Table 2 Experiment 1. Computational timings devoted to the different main steps of LR-ADI-EKSM(G) for different values of the problem size n and rank of the right-hand side q

Full size table

In both LR-ADI-EKSM(G) and LR-ADI-EKSM(MR), the linear systems with A required for the basis construction are solved by means of the MATLAB sparse direct solver “backslash.” In particular, A is factorized once and for all before the iterative procedures start so that only triangular systems are actually solved during the basis construction. The computational time for the factorization of A is always included in the results that follow.

In this experiment, LR-ADI-EKSM(G) and LR-ADI-EKSM(MR) perform very similarly.
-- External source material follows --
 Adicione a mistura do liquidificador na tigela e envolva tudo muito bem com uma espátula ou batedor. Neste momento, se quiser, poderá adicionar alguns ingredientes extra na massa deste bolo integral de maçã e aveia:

We thus report only the results achieved by the former.

As expected, the time devoted to the basis construction represents the majority of the overall computational efforts. This is the usual case in Krylov projection algorithms. This cost increases as q grows. Indeed, a larger subspace is computed making the basis construction, and in particular the orthogonalization step, rather demanding. Having a large dimensional approximation space leads to a more expensive shift computation, as well.

In Fig. 1 (left y-axis), we illustrate how the dimension of the computed extended Krylov subspace grows in terms of j for n =360 000 and different values of q.
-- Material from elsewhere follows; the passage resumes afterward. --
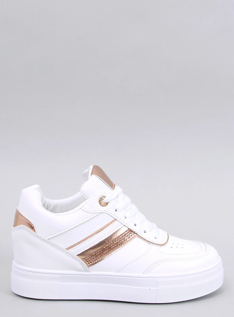 Buty sportowe - sneakersy damskie na koturnie o wysokości 7 cm. Ten wyjątkowy model z metalicznymi wstawkami i błyszczącymi cyrkoniami na pewno wpadnie Ci w oko : ) W tych butach będziesz wyglądała i czuła się świetnie! Materiał zewnętrzny – skóra ekologiczna.
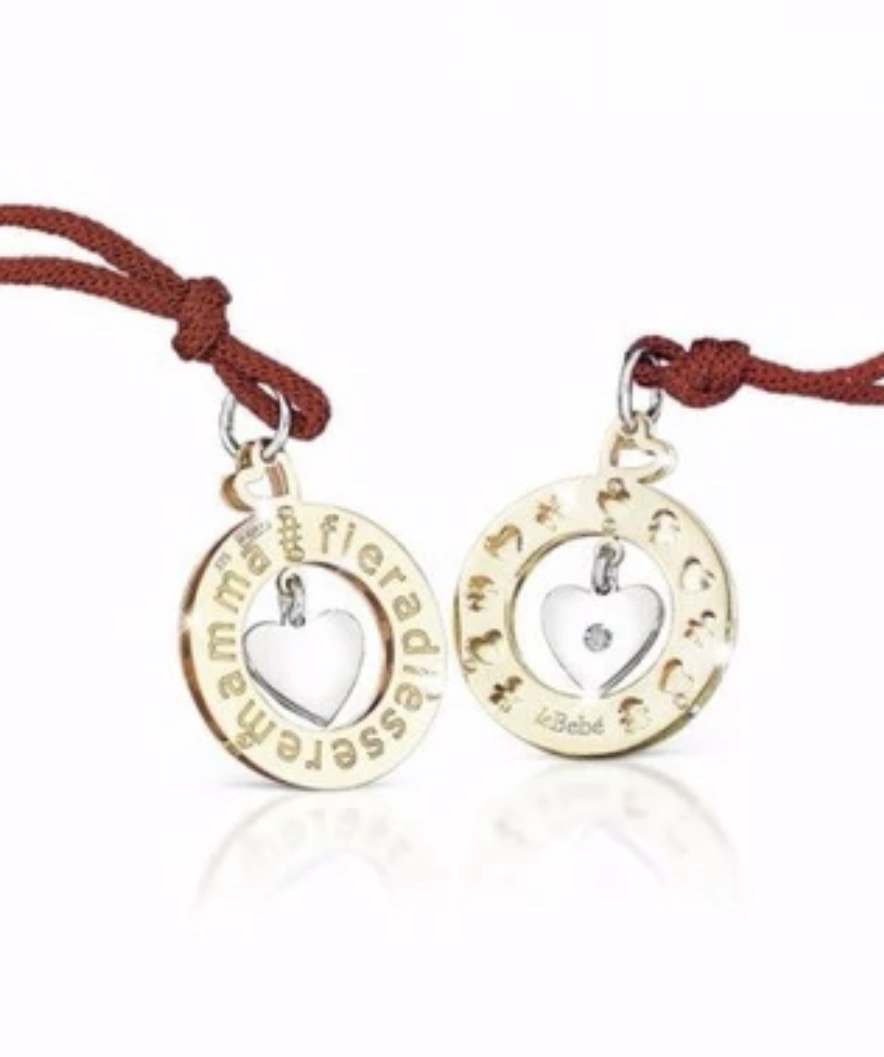 Il ciondolo Le Bebè “Cuore di Mamma” LBBCDM17 è un gioiello elegante e simbolico dedicato all’amore tra madre e figli. Realizzato in oro giallo e oro bianco 9 carati, presenta una raffinata lavorazione traforata con le sagome di un bimbo, una bimba e piccoli cuori. Al centro del ciondolo si trova un cuore con un piccolo diamante taglio brillante, che dona luce e preziosità al gioiello. Sul retro è incisa la frase “#fieradiesseremamma”, che rende questo pendente un regalo speciale per celebrare la maternità. Il ciondolo ha un diametro di circa 1,7 cm ed è spesso accompagnato da un cordino, perfetto da indossare ogni giorno o come ricordo affettivo.

In this experiment, we can notice that the subspace constructed to solve the second shifted linear system, namely $(A + p_{2}I)S_{2} = W_{1}$, is a very rich approximation space in terms of spectral information. Indeed, we need to only slightly expand it to solve the subsequent linear systems without compromising the decrease in the Lyapunov residual norm (see Fig. 1 (right y-axis)). This means that the majority of the computational efforts are dedicated to solve the second linear system, and we can capitalize on them for j > 2 reducing the overall workload of the solution process. We would like to mention that such a phenomenon is partially due to the adaptive selection of the inner tolerance $\varepsilon _{\mathtt {inn}}^{(j)}$ coming from [38].

We now compare LR-ADI-EKSM(G) with the function mess_lradi of the M-M.E.S.S. package [59], an abstract function handle-based implementation of the LR-ADI, and lradi, a plain matrix-based implementation of the same algorithm.
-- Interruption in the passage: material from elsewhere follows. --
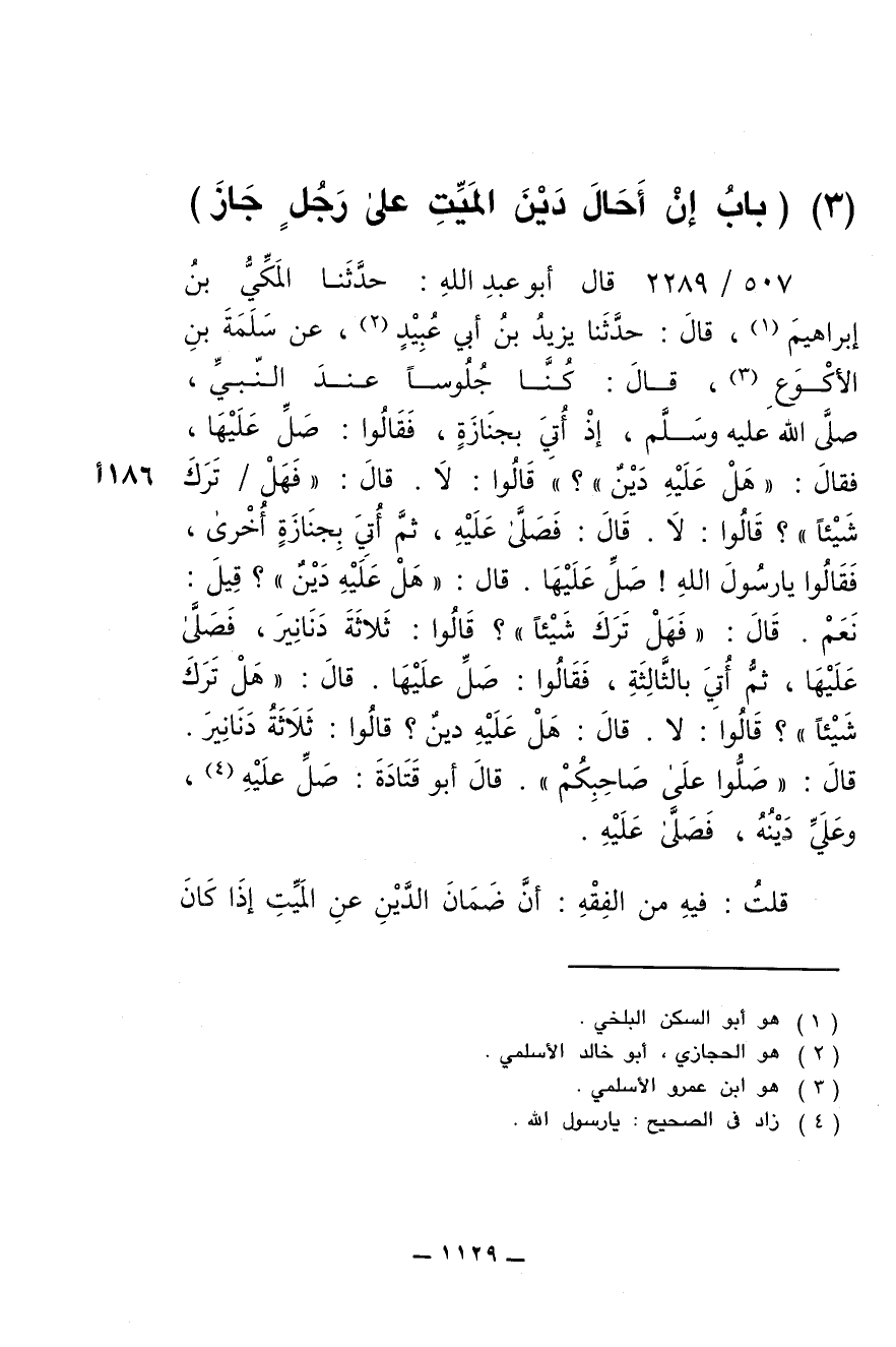 507/ 2289 - قال أبو عبد الله: حدّثنا المَكِّيّ بن إبراهيم , قال: حدّثنا يزيد بن أبي عُبيد , عن سَلَمة بن الأكوع , قال: كنا جُلوسا عند النبي , صلى الله عليه وسلم , إذ أُتِي بجنازة , فقالوا: صلِّ عليها , فقال: " هل عليه دَيْن "؟ قالوا: لا. قال: " فهل ترك شيئا "؟ قالوا: لا. قال: فصلى عليه , ثم أُتِي بجنازة أخرى , فقالوا يا رسول الله! صَلِّ عليها. قال: " هل عليه دَيْن "؟ قيل: نعم. قال: " فهل ترك شيئا "؟ قالوا: ثلاثة دنانير , فصلى عليها , ثم أُتِي بالثالثة , فقالوا: صلّ عليها. قال: " هل ترك شيئا "؟ قالوا: لا. قال: هل عليه دين؟ قالوا: ثلاثة دنانير. قال: " صلوا على صاحبكم ". قال أبو قَتادة: صَلِّ عليه , وعليَّ دينه , فصلى عليه.

To this end, we make $B\in \mathbb {R}^{n}$ the normalized vector of all ones. For having fair comparisons, we employ the shifts computed by the LR-ADI-EKSM(G) in all the different implementations. This leads to a very similar trend in the relative residual norm achieved by the routines even though the shifted linear systems in mess_lradi and lradi are solved at very high accuracy^{Footnote 6}, whereas the relaxation strategy of [38] is implemented in LR-ADI-EKSM(G). In Fig. 2, we report the relative difference between the relative residual norms computed by LR-ADI-EKSM(G) and mess_lradi throughout all the necessary iterations j for different problem dimension n along with the values of $\varepsilon ^{(j)}_{\mathtt {inn}}$ we employed. In agreement with the results presented in [38], we can notice that the distance between the computed relative residual norms is always rather moderate and smaller than $\varepsilon ^{(j)}_{\texttt {inn}}$^{Footnote 7}. Very similar results are obtained by comparing the residual norms attained by lradi in place of mess_lradi.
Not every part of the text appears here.